Introduction
Many solutions for robotic systems include depth sensors or lasers to avoid collisions during movement. Drones receive info about depth, and stereo image or use lasers for improved coordination.”. And the main purpose is to receive a 3D map of rooms and fast orientation: with any changes update the map. But how simple could that system be? Thus, for the experiment we chose a Monocular video without any additional information – a GoPro video of a walk through a hardware store.
What systems exist?
Several SLAM and SVO algorithms require additional packages like ROS and specialized sensors. We wanted a universal open-source system that was easy to use and flexible.
SLAM and SVO algorithms analyze their surroundings, extract key features, and build a map of their environment. They can then locate themselves and update the map in real time. SLAM operates on keyframes for high accuracy, while SVO focuses on direct image alignment for speed.
ORB-SLAM2 strikes a balance, utilizing ORB features for efficient and accurate localization and mapping.

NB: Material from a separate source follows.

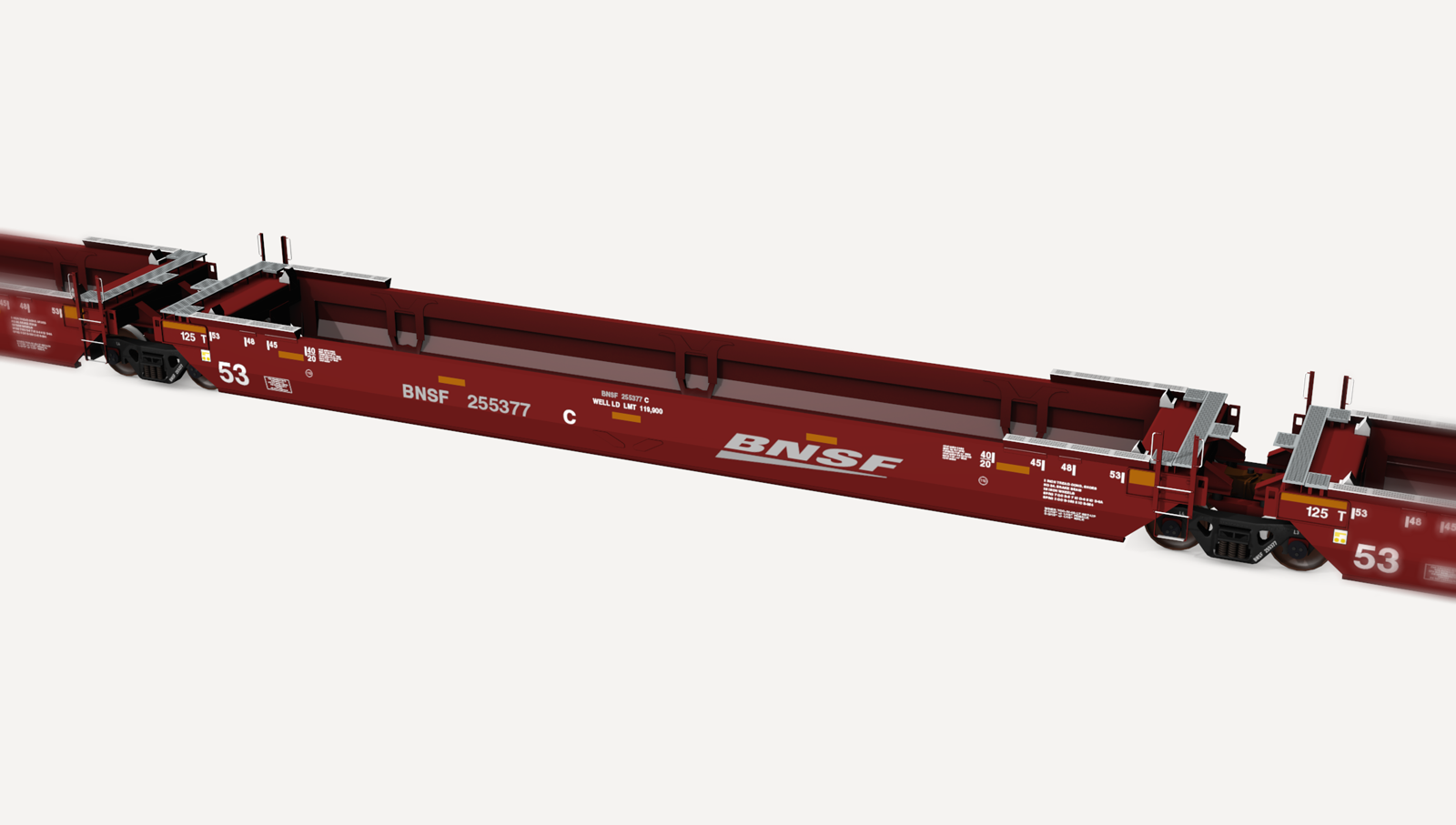 The Gunderson Maxi-Stack IV, introduced in 1999, is the contemporary mainstay of modern domestic intermodal rail car fleets. The Maxi-Stack IV is a 3-unit articulated well car that utilizes 70 ton trucks at the ends, and 125 ton trucks at the articulated connectors.
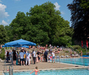 Am Ende waren es wohl mehrere hundert Menschen, welche bei Party-Stimmung die laue Sommernacht im Wasser oder auch nur neben dem Becken genossen.

It’s widely used in real-time applications such as autonomous robots and drones . It can work with or without ROS and includes calculations for monocular, stereo, and RGB-D cameras.
Data Preparation
ORB-SLAM is a fully ROS system, ORB_SLAM3 works with intime, like online translation, but especially ORB-SLAM2’s minimum requirements are a folder with a PNG file of each frame, and a file with camera calibration and distortion parameters. Converting video to set of images could be done simply with python code:
And more interesting with camera calibration and distortion parameters, as they could give us incorrect angles of rotation for our trajectory. OpenCV library has the functionality to determine all of those parameters, using the additional special video, but our goal is to use only our videos from the store, so approximate parameters were found on the internet.
Prototype Assembly
This straightforward solution is portable across various environments, from Raspberry Pi to PC . ORB-SLAM2 is a C++ algorithm utilizing specific libraries, which may pose dependency issues and best works on Ubuntu 18.04. But it doesn’t mean that we should prepare a separate computer to use it. Docker-container with that OS allows us to have such a system in any environment. As ORB-SLAM2 in basic setup provided as a desktop application, we need to work on Xserver settings to see it in any display out of the container. For installing ORB-SLAM2 to your environment you just need GPU, camera, Linux, compatible hardware, and sufficient processing power. For the Docker option, requirements include GPU support , Docker installed, and adequate system resources.
Performance
In monocular mode, processing a 35-second video with 50 frames per second. (1752 frames in total) on a MacBook with an i5 processor and 2 dedicated cores for Docker takes approximately 7 minutes and 44 seconds (464 seconds). This translates to processing at around 3.5 frames per second, with 10,000 features extracted in each frame. The processing time scales proportionally to the number of features per frame, and that parameter could be changed in settings. To achieve “real-time” visualization after that, a 20x acceleration is applied to video examples. With fewer than 4,000 features, the system fails to construct a reliable map due to the inability to match features across frames. The average CPU load is 200%, reaching a peak of 250 %. Notably, the memory usage for processing 10,000 features per frame for 1752 frames is 850 MiB.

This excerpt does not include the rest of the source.